Piffaro's final digital concert of the season delves into the roots of fugue, the musical form whose intricacies have obsessed generations of composers and music lovers.

Philadelphia baroque ensemble Kleine Kammermusik augments Piffaro's renaissance shawms, dulcians, and lute with their oboes, bassoons, and harpsichord, tracing the development of the fugue from the 15th century to J.S. Bach.

The concert video, filmed at the historic Christ Church Christiana Hundred in Wilmington, DE, premieres at 7:30PM EST on May 28 and remains available on demand until June 3. Tickets are $15 and available for purchase at piffaro.org.

"Call it what you will - polyphonic, contrapuntal, fugal, imitative - this music was the highest achievement of composers from Jakob Obrecht (1457/8-1505) through Johann Sebastian Bach in the 18th c.," according to Bob Wiemken, artistic co-director of Piffaro. "The juxtapositions of early to late are striking, seeming worlds apart from one another. Who could have predicted in Obrecht's day the eventual offspring of his Fuga in Bach's great and justly famous Fugue in Gm?"

A growing number of early musicians are choosing to call Philadelphia home, including a majority of those in the chamber ensemble Kleine Kammermusik, which is dedicated to reviving music for baroque winds and continuo. Geoffrey Burgess teaches baroque oboe at the Eastman School of Music but chooses to live in Philadelphia with his husband Leon Schelhase, the ensemble's harpsichordist, who teaches historic keyboards at Curtis. Gambist Rebecca Humphrey helped found several local period music ensembles, including KKM, Night Music, and the Franklin Quartet. This geographic proximity of talent allows for a collaboration that traces the development of musical instruments through the centuries: the shawm evolves into the oboe, the dulcian into the bassoon, and the viola da gamba into the cello. And since the form of fugue gives equal weight and melody to each voice, we hear all these instruments as "soloists" within the intricate framework that fugue provides.
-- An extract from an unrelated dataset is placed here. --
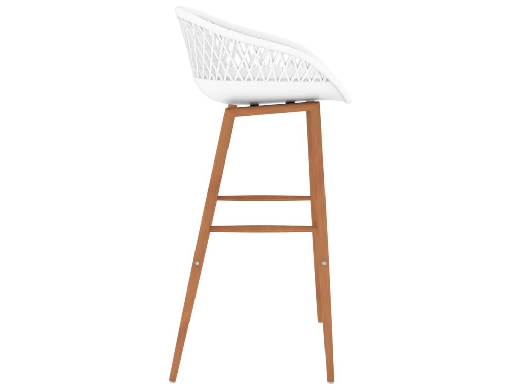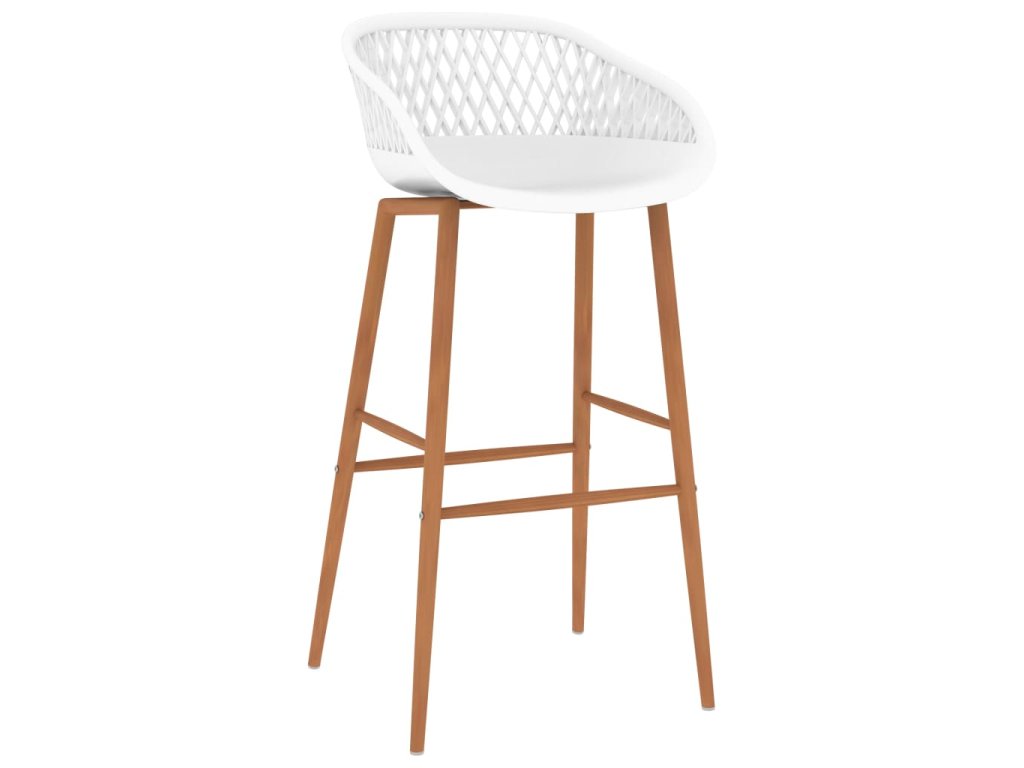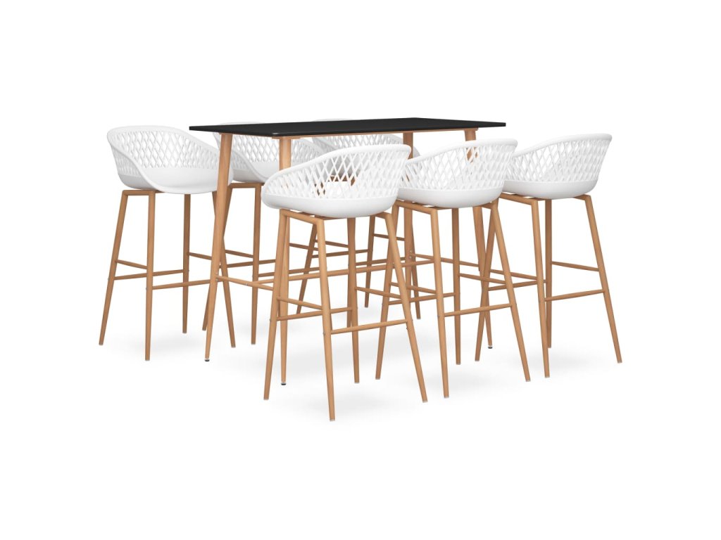 Stôl obsahuje trvácnu dosku z MDF a pevné kovové nohy s dreveným vzhľadom. Barové stoličky majú ergonomicky tvarované sedadlo s integrovaným nízkym operadloms mriežkovaným vzhľadom. Stoličky k baru sú vyrobené z pevného PP a stoja na pevných kovových nohách s transferovou potlačou s dreveným vzhľadom, vďaka čomu sú naozaj stabilné a trvácne.

Kleine Kammermusik is dedicated to reviving the wealth of Baroque chamber music for winds and continuo. With paired oboes and recorders, and a supportive continuo group of bassoon, cello, viola da gamba, and keyboard, the group comprises a versatile blend of instruments suited to music from a wide range of contexts, from vivid outdoor celebrations and military fanfares to intimate chamber gatherings. Through innovative programming and imaginative use of space they create fresh and entertaining events with a distinctively historic flavor.

Kleine Kammermusik's debut recording, Fanfare and Filigree: Chamber Music from Paris and Dresden, was recently released on the Acis label and has received praise from Early Music America Magazine, Colorado Public Radio, and BBC Radio.